16 November, 2007

on throwing errors

not too long ago i spent quite a few days trying to solve what was a really easy bug.

after moving a class from one assembly to another, one of my biztalk orchestrations started throwing a runtime error saying that it couldn't serialize an instance of a XmlDocument.

because the runtime error did not return a stack trace, i was very confused: even though XmlDocument truly is not serialiazable, biztalk is able to dehydrate the contents of a XmlDocument instance by getting the XmlDocument's outerxml and storing it; upon rehydration, the XmlDocument is loaded with the saved string.

after a few days of thinking about this problem, I realized that the error was not coming from the orchestration's instance of XmlDocument, but instead from a class that held and instance of XmlDocument and which the orchestration was using.
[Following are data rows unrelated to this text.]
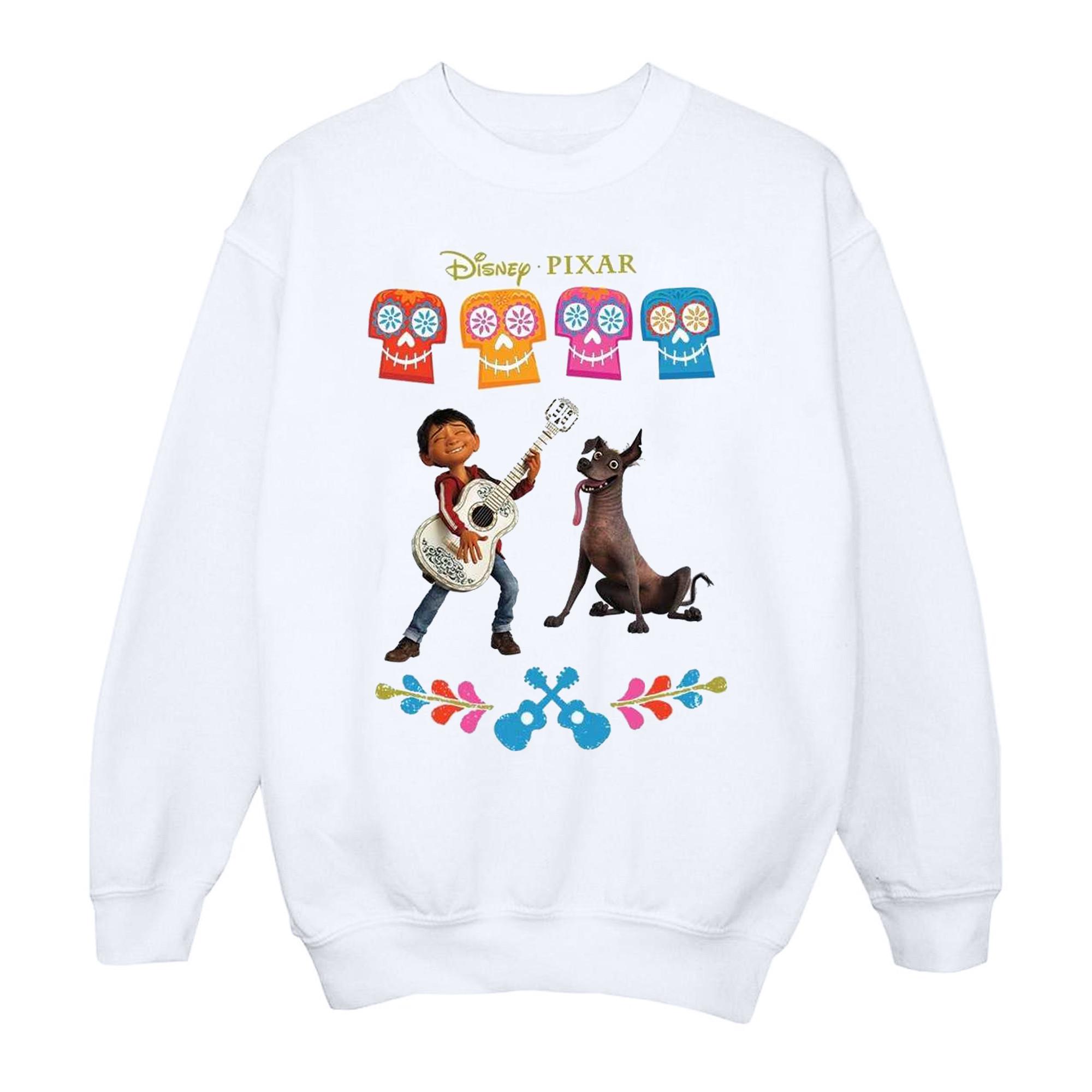 Questa felpa presenta una vivace stampa grafica ispirata a Coco di Disney Pixar. Il design mostra Miguel che suona la chitarra insieme a Dante, con teschi di zucchero colorati ed elementi decorativi. Questa comoda felpa è adatta per varie occasioni casual.
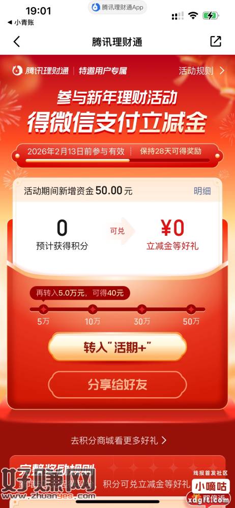 微信理财通新年福利存5w活期领40毛,钱多的上
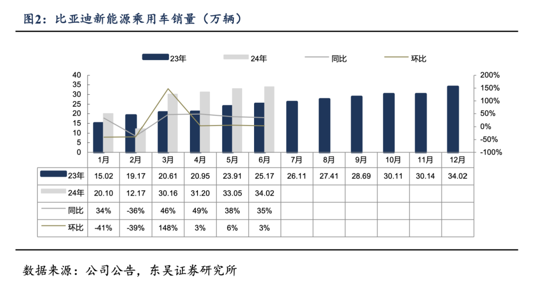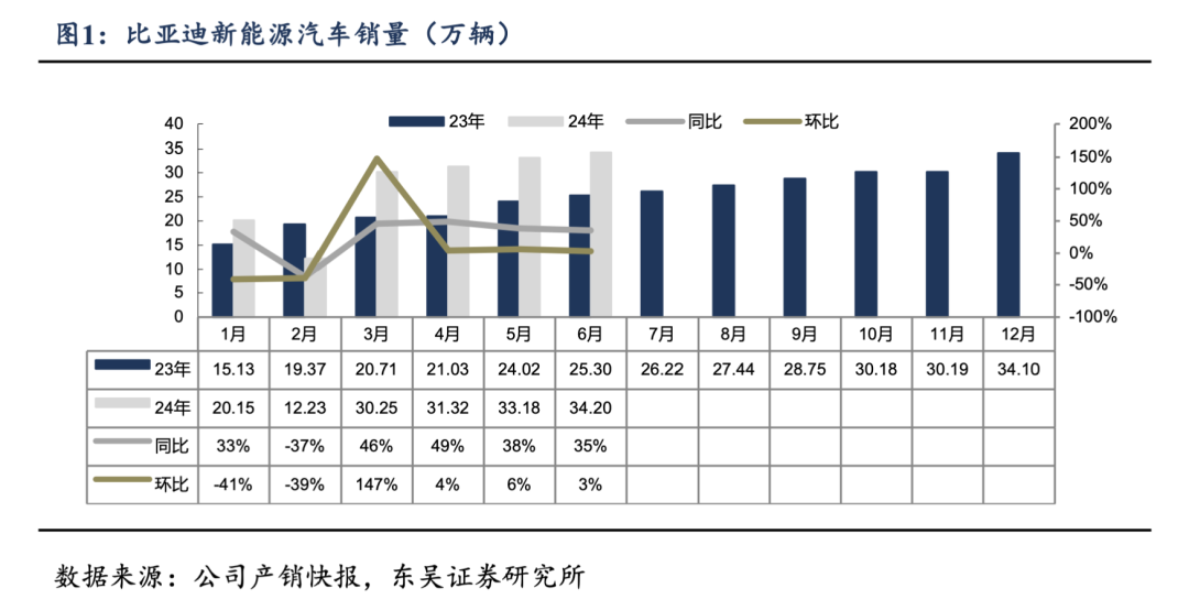 比亚迪6月电动车销量34.2万辆,同环比+35%/+3%,其中出口26995辆,同环比+156%/-28%,系七月起欧洲、巴西增加关税,部分出口提前抢运影响。比亚迪H1累计销161.3万辆,同增28.5%,24H1累计出口约20.3万辆,同增188%。秦L和海豹06订单爆发超预期,宋L DM-i等新车后续陆续推出,我们预计全年销量达380-400万辆,同增30%左右,其中出口50万辆,同比翻倍以上增长。

i simply marked the XmlDocument variable declaration with [NonSerializable] and all the problems went away.

i mention all of this because if had just gotten the stack trace, all the hassle I went through could have been avoided.

i've noticed that the errors i throw are usually not very descriptive, because i understand the code and i know what's going on. however, i've also noticed that when co-workers get exception from my code, it's not clear to them what the error means.

thus the importance of throwing very specific and very clear error messages; even if they're a little verbose. and outsider needs to understand the context of what's going on in order to be able to understand and solve problems.

1 comments:

lewisrw00 said...

So, did you end up having to put the call to your helper class within an atomic scope (so that BizTalk wouldn't complain about the NonSerializable attribute)?